Моей жене, Людмиле Васильевне Обуховой
Городничий: ‹…› Послушайте, Иван Кузьмич, нельзя ли вам, для общей нашей пользы, всякое письмо, которое прибывает к вам в почтовую контору, входящее и исходящее, знаете, этак немножко распечатать и прочитать: не содержится ли в нем какого-нибудь донесения или просто переписки.
Почтмейстер: Знаю, знаю… Этому не учите, это я делаю не то чтоб из предосторожности, а больше из любопытства: смерть люблю узнать, что есть нового на свете. ‹…›
‹…›
Городничий: ‹…› Так сделайте милость, Иван Кузьмич: если на случай попадется жалоба или донесение, то без всяких рассуждений задерживайте.
Н.В. Гоголь. «Ревизор»
С конца XIX века в Министерстве внутренних дел Российской империи существовала довольно странная для непосвященных традиция. На следующий день после назначения нового министра в его приемной появлялся чиновник в мундире почтового ведомства. Он сообщал секретарю, что о приеме у министра просит старший цензор цензуры иностранных газет и журналов при Санкт-Петербургском почтамте. Как правило, его тут же просили пройти в кабинет.
Представившись, он доставал из папки большой белый конверт с надписью на лицевой стороне «Его Сиятельству» и красной сургучной печатью на обороте. Получив конверт и аккуратно вскрыв его, новый министр обнаруживал там высочайше утвержденный 5 января 1895 года секретный доклад тогдашнего министра, статс-секретаря Ивана Николаевича Дурново. Текст начинался словами: «Секретно. О перлюстрации». Считалось, что только в этот момент новый министр узнавал, во всяком случае официально, о существовании в империи службы перлюстрации и знакомился с ее руководителем. Одновременно министр получал копию этого доклада и первый пакет выписок из перлюстрированной корреспонденции.

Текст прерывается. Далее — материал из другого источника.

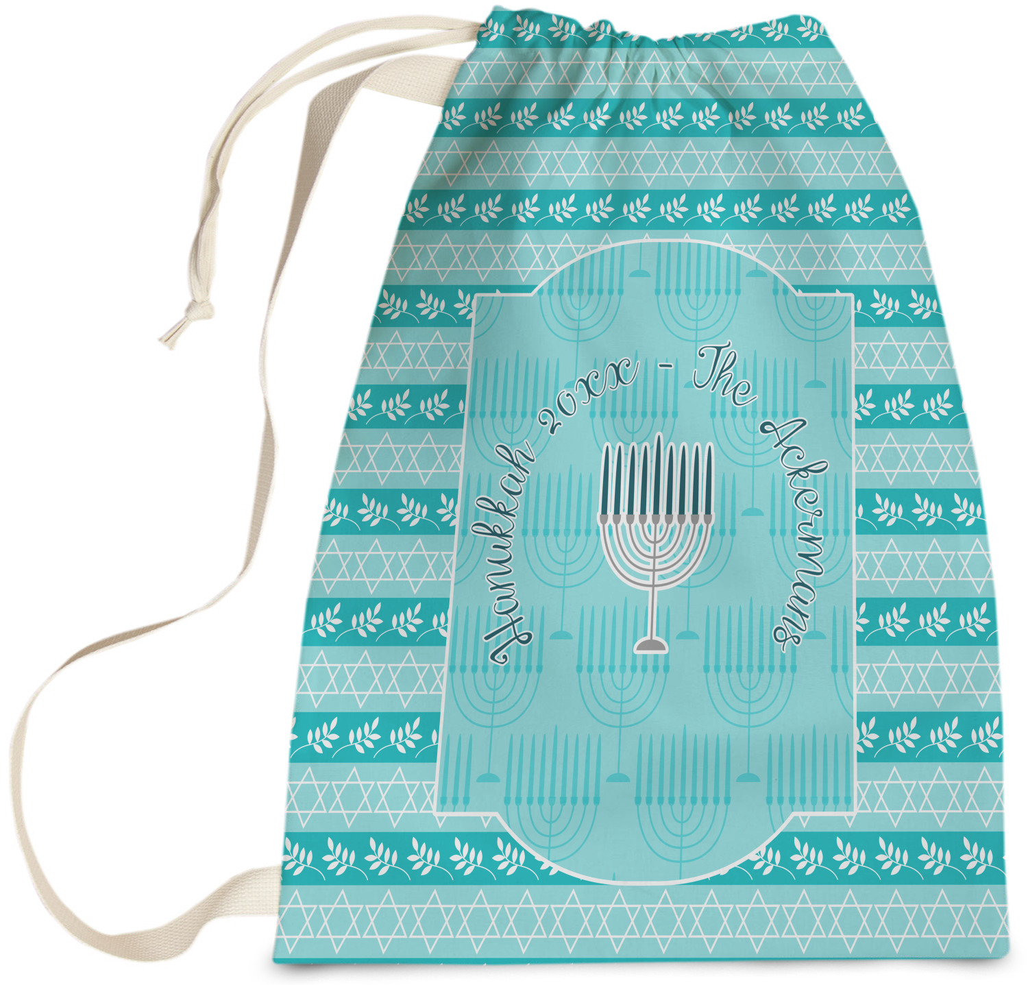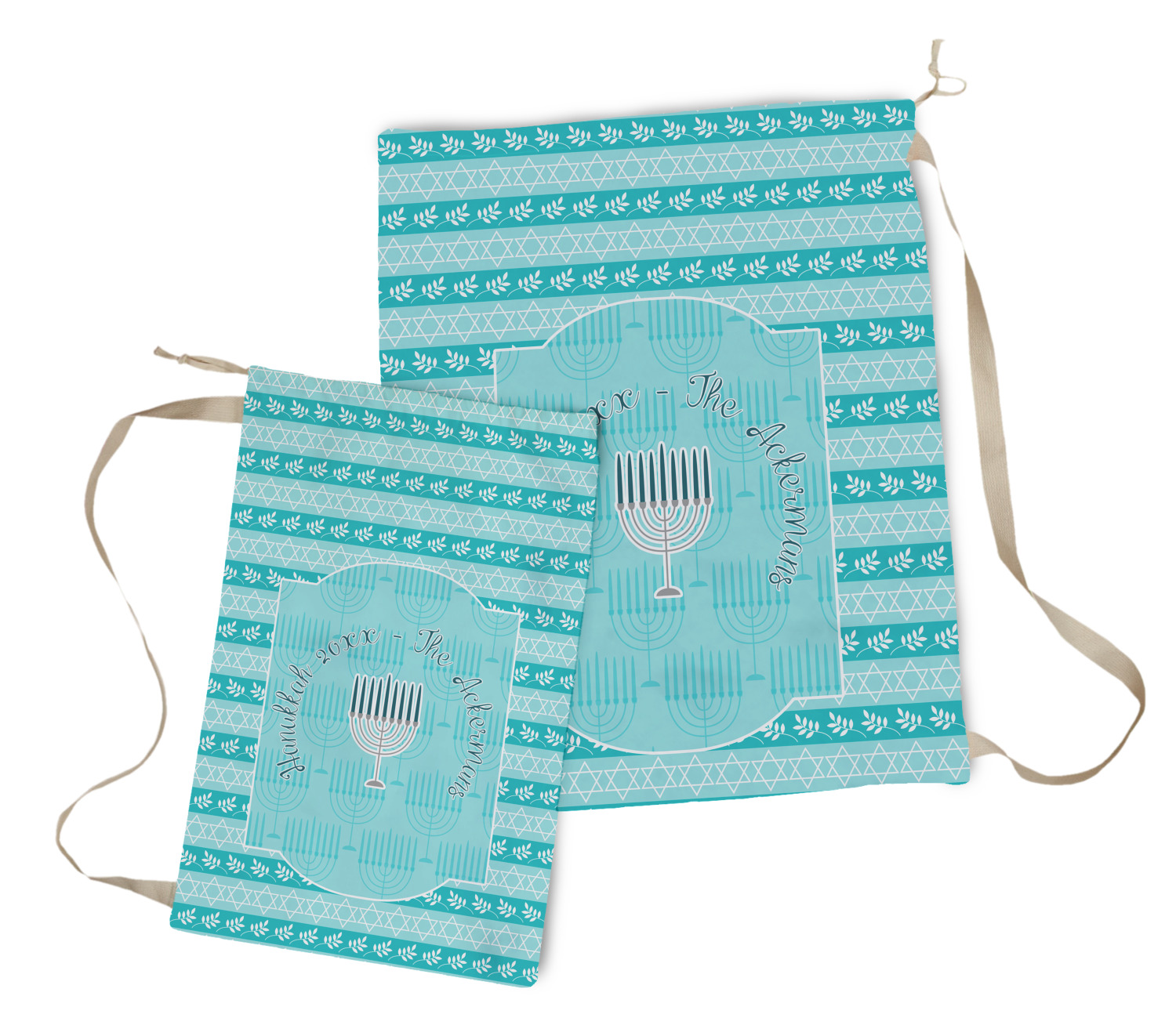 The design is a beautiful set of different shades of teal. You will see three different patterns used throughout this design. One with stripes, olive branches, and stars of David, one with menoras, and the last with doves, menoras, olive branches, and stars of David. The main design has a tall frame with your personalization and a menora graphic in the middle.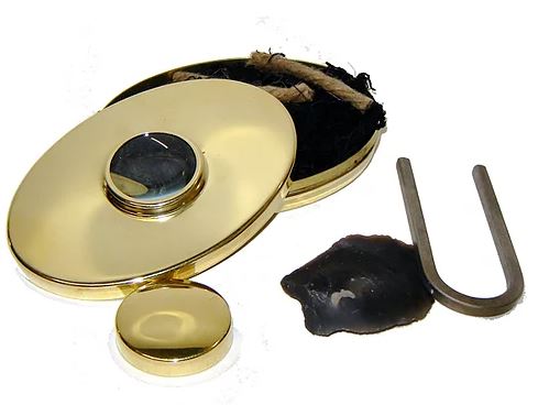 Messing tondeldoos, compleet met inhoud. De tondeldoos heeft een 6x vergrotende lens gemonteerd in het deksel, en is volkomen identiek aan een model dat 250 jaar geleden veelvuldig werd gebruikt door de legendarische mountain men en trappers in Noord-Amerika. Inhoud: jute, char cloth (houtskooldoek), vuursteen en een stalen striker.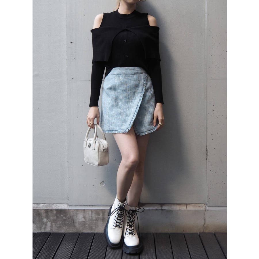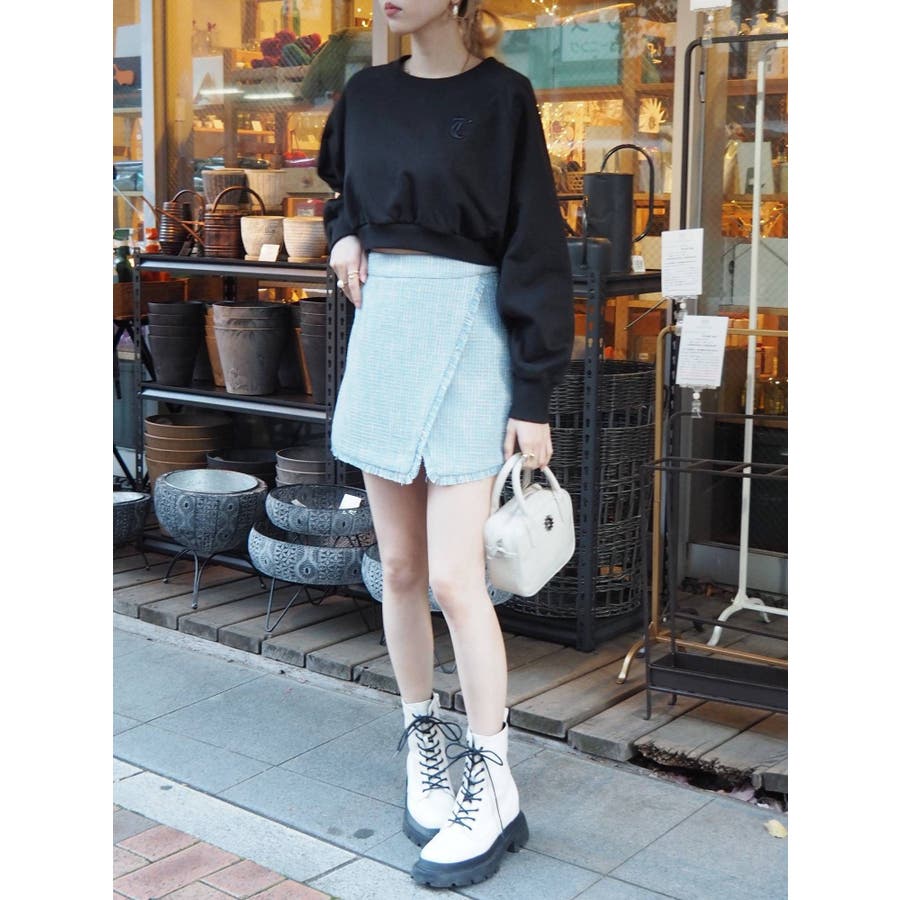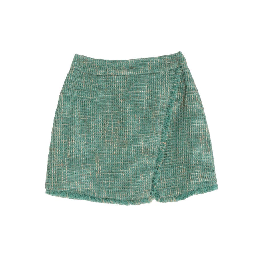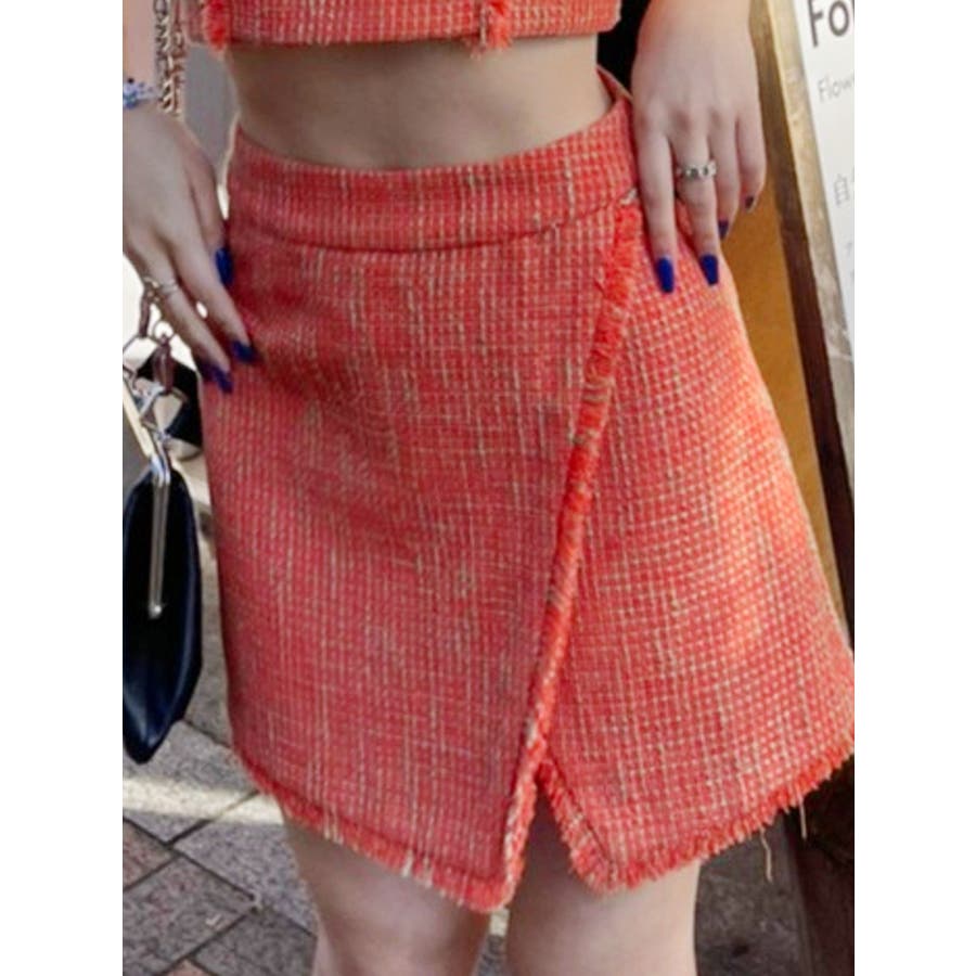 春らしいカラーリングのツイード生地を使用したミニスカートです。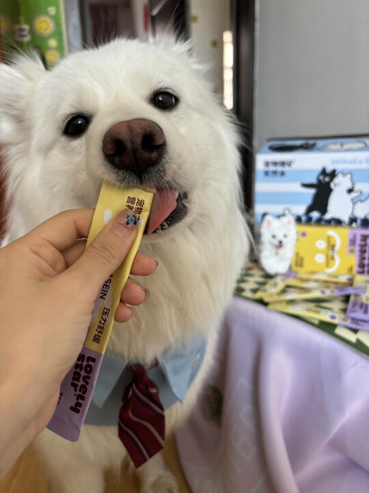 它有个炒鸡可爱的名字哦 叫快乐酪酪 麻麻说要给我补充下营养 里面添加了法国进口酪蛋白 可以缓解压力哦 还可以增强宝宝的免疫系统呢 鸡肉、鸡肝、羊乳粉、维生素等都有呢 适口性可是很好呢 对宝宝的肠胃也是很友好的哦 我去年还得过膀胱炎 这个营养条也是可以舒缓泌尿系统的 一条多得 充分补充营养 宝宝又是强壮的宝宝团啦 🫡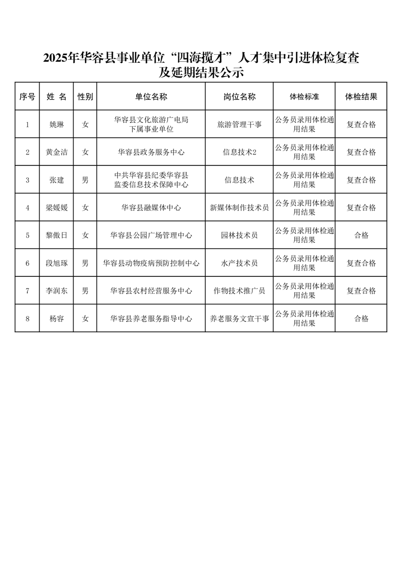 2025年华容县事业单位“四海揽才”人才集中引进体检复查及延期结果公示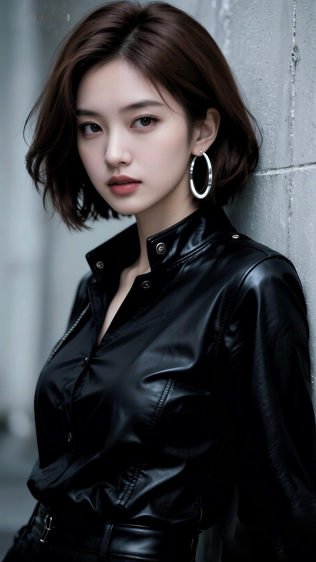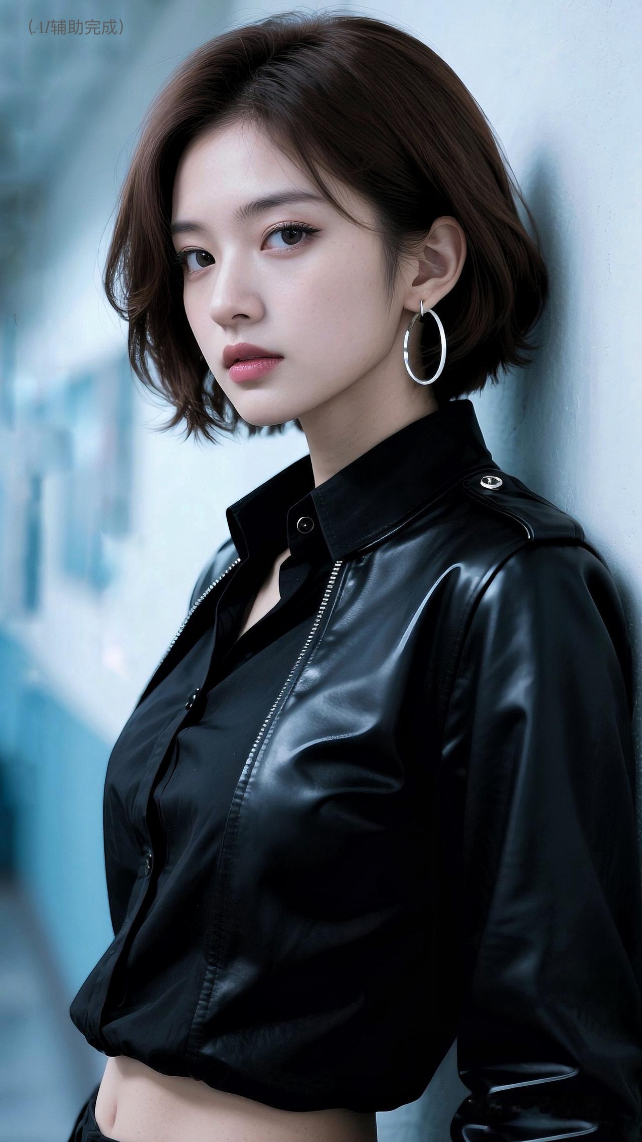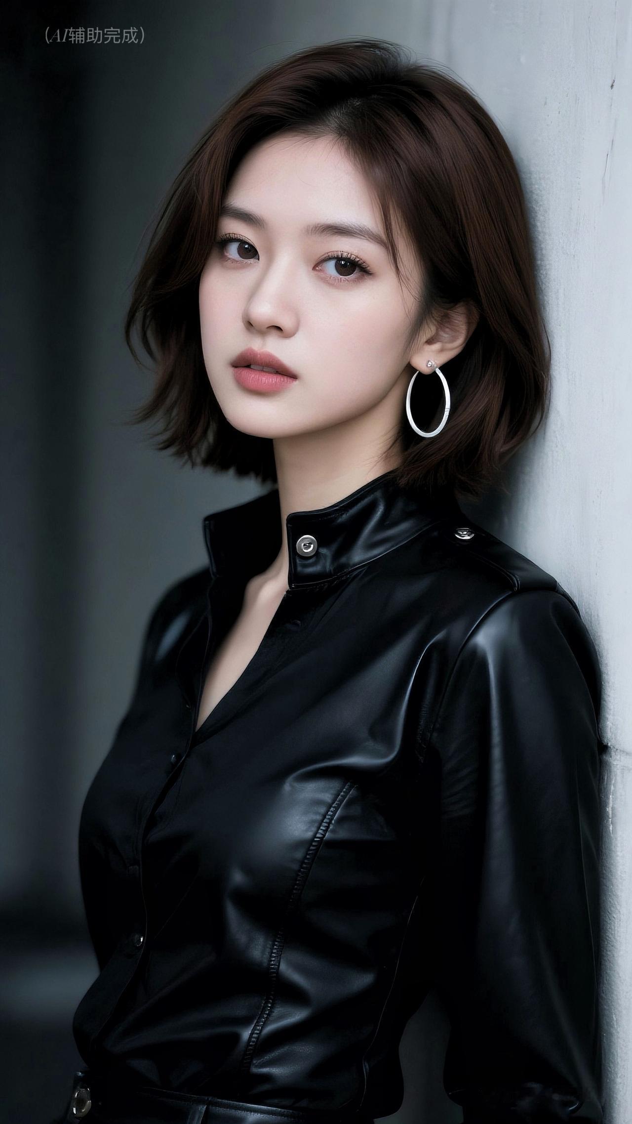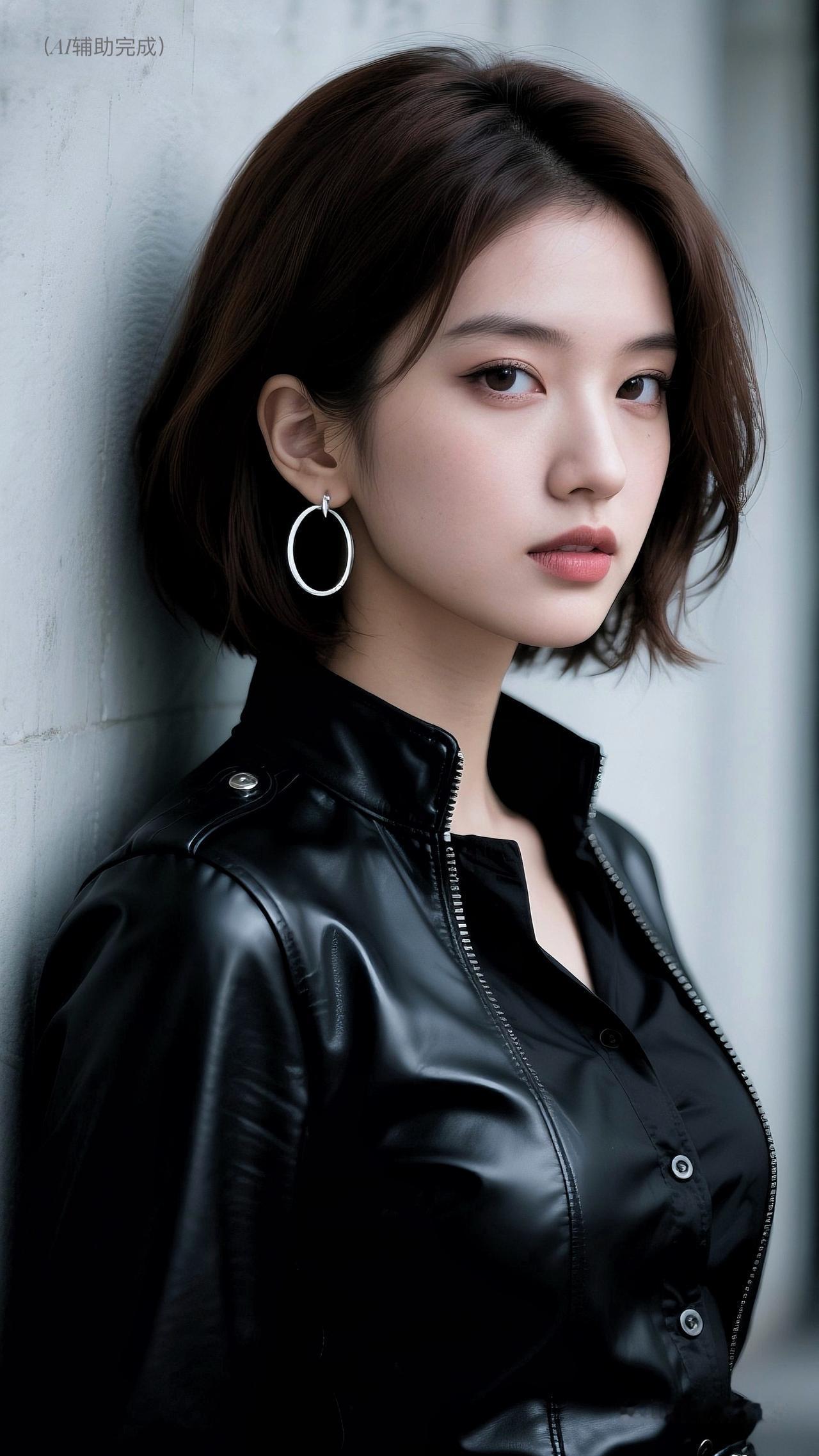 棕褐短发微卷垂落,大银环耳饰闪亮。黑皮衣领口金属扣点睛,露锁骨添酷感。眸沉静藏星,红唇提气场。侧倚灰白墙,光影交织高级神秘境。冷艳优雅时尚美人,一眼沦陷!

С этого дня ежедневно рано утром, в начале девятого часа, в канцелярию министра внутренних дел доставлялся большой толстый конверт листового формата, запечатанный сургучной печатью с гербом без инициалов. На нем типографским способом было напечатано: «Его Высокопревосходительству» – и далее указывались имя, отчество и фамилия очередного министра. Секретарь знал, что вскрывать этот конверт нельзя, и просто клал его на стол своего патрона. На самом деле конверт был двойным, и оба пакета были опечатаны в целях большей конспирации. Во внутренний конверт вкладывалась также справка о количестве выписок и писем, отправленных в Департамент полиции (ДП) Министерства внутренних дел. Таким образом министр знакомился с очередной порцией перлюстрации[1].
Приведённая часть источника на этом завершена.